Preferably, in the method for preparing gasoline and aviation kerosene components by lignite hydrocatalytic cracking, provided by the invention, lignite or low-rank coal with high volatile content is used as a raw material in the first-stage reactor, the ash content is not limited, and the method is suitable for low-maturity low-rank lignite; the space velocity of the volatile in the second-stage reactor passing through the catalyst layer is 1-10h^-1。

Preferably, in the method for preparing gasoline and aviation kerosene components by lignite hydrogenation catalytic cracking provided by the invention, hydrogen enters the reactor from the inlet of the first-stage reactor, the pressure of the hydrogen is kept the same as that of the second-stage reactor, and the pressure is controlled to be 5 MPa; preheating to 500 ℃ in a second-stage reactor, and preserving heat for 1h to ensure that the catalyst is fully dehydrated and the active metal in the oxidation state is reduced to be in a metal state, then reducing the temperature of a catalyst bed layer to 350 ℃, and keeping the temperature of the catalyst layer unchanged; and then heating the lignite to 700 ℃ at the heating rate of 15 ℃/min, and preserving the heat for 10 min.

Preferably, in the method for preparing gasoline and aviation kerosene components by lignite hydrogenation catalytic cracking, provided by the invention, the catalyst takes a formed molecular sieve as a carrier and is loaded with one or more transition metal combinations of Ni, Mo and Co; during preparation, nickel nitrate, cobalt nitrate and ammonium molybdate solution are taken as precursors, and the formed molecular sieve is immersed in the precursor solution for at least 12 hours; then evaporating water in a vacuum oven at 60 ℃, heating to 110 ℃ for full drying, putting the dried catalyst into a muffle furnace, heating to 550 ℃ for roasting for 4 hours.

Preferably, in the method for preparing gasoline and aviation kerosene components by lignite hydrocatalytic cracking, provided by the invention, the carrier is HZSM-5, the particle size is 3-5mm, the silicon-aluminum ratio is 20, and the specific surface area is 300m²(ii)/g; the nickel or cobalt loading is 0.5-2% of the HZSM-5 carrier, and the molybdenum loading is 2-5% of the HZSM-5 carrier.

Preferably, in the method for preparing gasoline and aviation kerosene components by lignite hydrocatalytic cracking, provided by the invention, the catalyst is Ni-HZSM-5 or NiMo-HZSM-5, the Ni loading is 1.0 wt.%, and the Mo loading is 3 wt.%.

Preferably, in the present inventionIn the method for preparing the gasoline and aviation kerosene components by lignite hydrogenation catalytic cracking, the airspeed of volatile components passing through the catalyst layer is 3.7h^-1。

In view of the above description, the technical requirements for the two reaction stages are summarized as follows:

1. the first stage reaction requires:

firstly, the reactor adopts a fixed bed or a moving bed, the coal sample can be fed intermittently or continuously, the particle size is determined according to the size of the reactor, and the smooth air flow of the bed layer is ensured.

Secondly, hydrogen atmosphere is adopted, the pressure is suitable for keeping the pressure of a subsequent reactor balanced, and the hydrogen atmosphere can effectively prevent radicals in volatile components from reuniting and depositing, so that the hydrogen atmosphere is an important process factor for improving the yield of the volatile components.

And thirdly, controlling the coal material to slowly heat up, wherein the heating rate range is about 2-20 ℃/min (preferably 15 ℃/min), and avoiding the problem that the effective components of oil products which can be potentially generated, such as long-chain aliphatic hydrocarbon compounds, other easily-decomposed compounds (such as oxygen-containing compounds) and the like in the lignite, are influenced by the rapid heating, and are excessively decomposed to become stable micromolecular gas products, so that the subsequent catalytic hydrocracking process can not react to generate fuel oil.

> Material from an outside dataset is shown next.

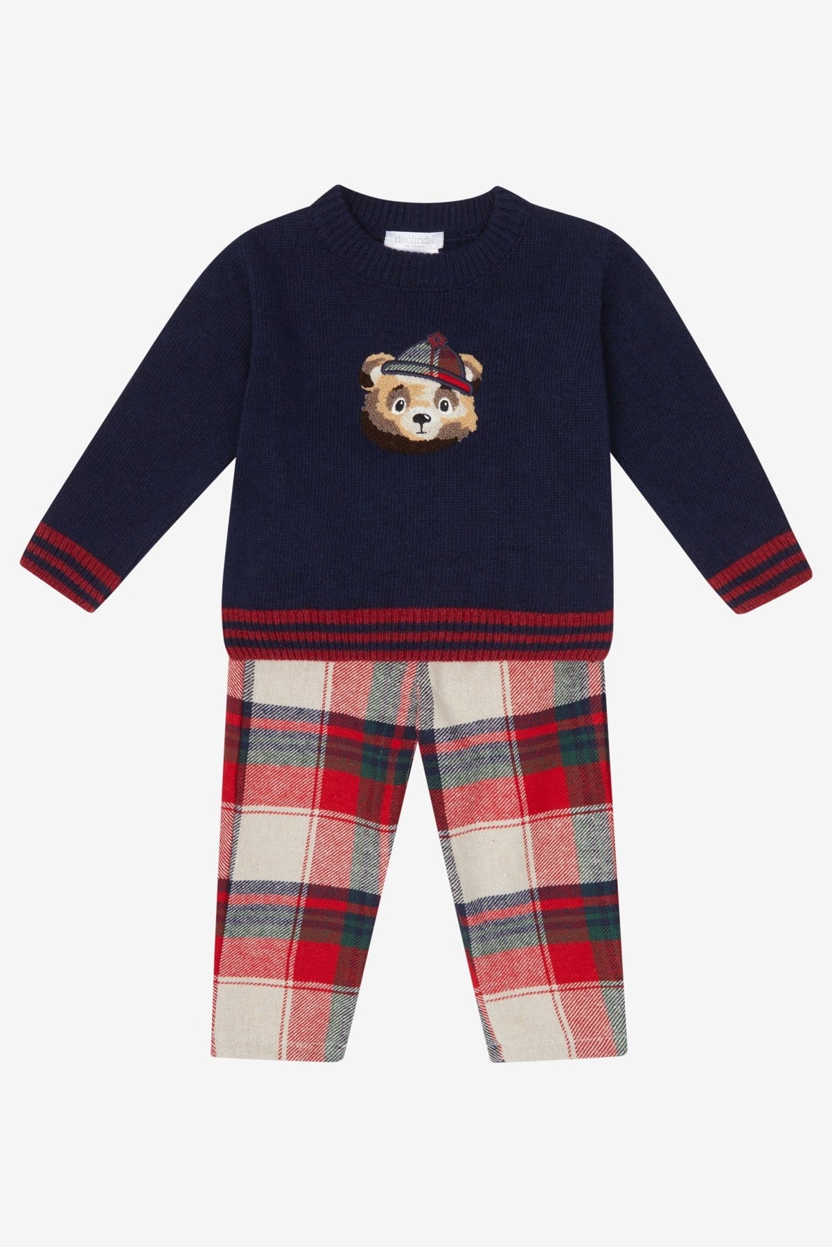 "Hamish" Navy Knit Bear Jumper & Red Tartan Trousers

Lignite differs from higher-rank coals in that it contains abundant plant-tagged constituents, such as fatty acids and terpene compounds, which are major sources of oil formation.

Fourthly, the final temperature is preferably 650-750 ℃, and the temperature is too low, so that the effective volatile components in the lignite can not be released, and the yield of oil products is influenced; the high temperature is not favorable for improving the thermal efficiency of the pyrolysis process, and the high temperature gas may also influence the subsequent catalyst layer.

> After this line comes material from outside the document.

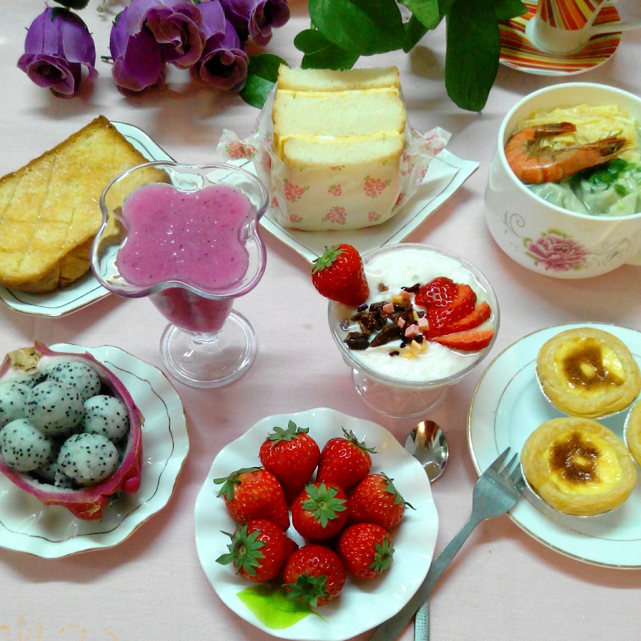 早安!给女儿下了大馄饨,现烤了蛋挞,奶油砂糖厚片吐司,鸡蛋芝士三明治,火龙果汁,水果,还有...

And the volatile component is carried to the catalyst layer through the low-temperature coal layer region, so that the influence of the overhigh airflow temperature on the temperature of the subsequent catalyst layer is avoided.

Sixthly, the volatile components pass through the pipeline and are insulated, so that the volatile components are not condensed due to too low temperature and block the pipeline.

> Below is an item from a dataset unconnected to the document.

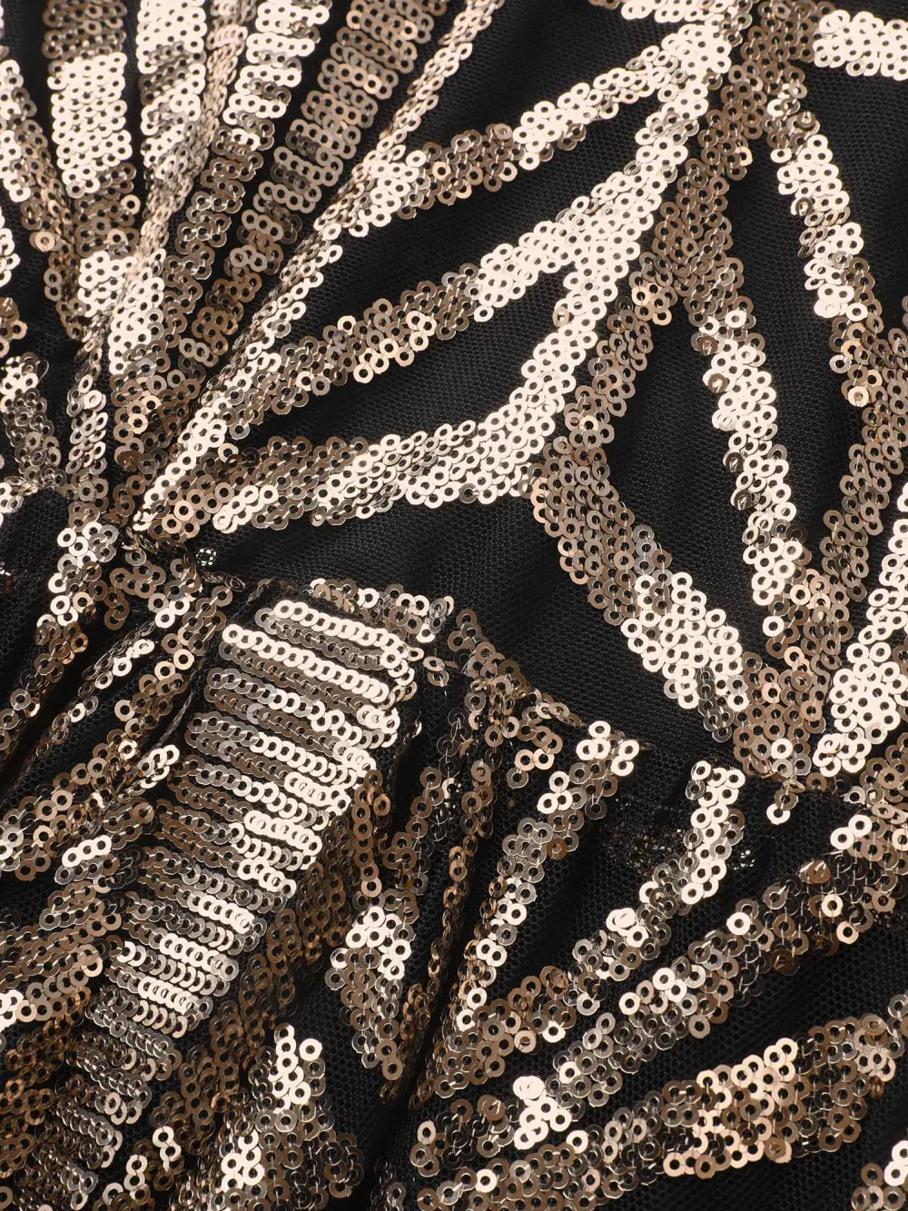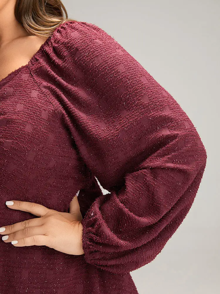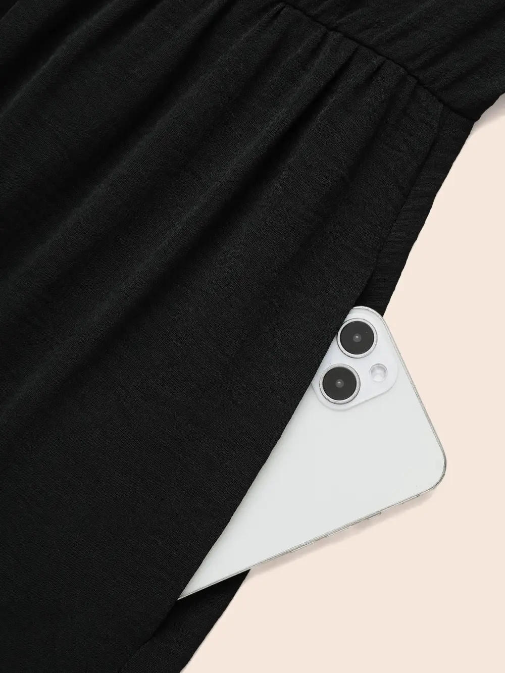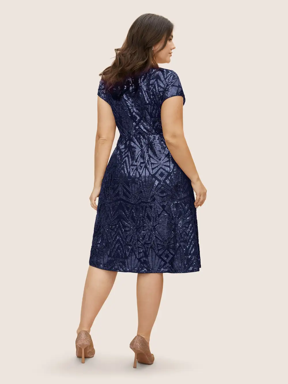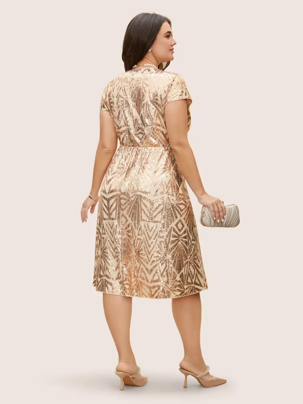 Solid Pocket Lantern Sleeve Wrap Sequin Dress

2. The second stage reaction requires:

the reactor is a fixed bed reactor, but is not limited to a fixed bed reactor, and a fluidized catalytic cracking reactor (FCC) can be selected.

Secondly, volatile components generated by the first stage are complex, condensable components comprise a large amount of heavy asphalt, unsaturated hydrocarbon, oxygen-containing compounds, sulfur-containing compounds and nitrogen-containing compounds, which are main reasons for poor quality of the crude tar, and the substances are contacted with a catalyst through a second stage reactor to generate a series of gas-solid phase catalytic hydrocracking reactions, so that the quality of oil products is improved.

The temperature of the catalyst layer is required to be 300-400 ℃, the catalyst activity is insufficient when the temperature is too low, and the yield of aliphatic hydrocarbon is reduced and the yield of light aromatic hydrocarbon is increased when the temperature is too high.

Pressurizing hydrogen is an important condition for promoting catalytic cracking, the pressure of the hydrogen is controlled to be 3-6MPa, the pressure is too low, the hydrogenation degree is not high, the pressure is improved, the catalytic hydrocracking oil preparation is facilitated, and the situation that the too high pressure is only a selection made by comprehensively considering the aspects of equipment investment, safety and operation difficulty is avoided.

The space velocity is determined by the pressure, when the pressure is lower, the space velocity can be properly increased, in the pressure range of the claim, the corresponding space velocity range is 1-10h^-1Preferably 3.7h^-1。

3. The catalyst requires:

the performance requirement of the catalyst is adapted to the process conditions, and the catalyst is specific to the lignite raw material but not specific to other raw materials.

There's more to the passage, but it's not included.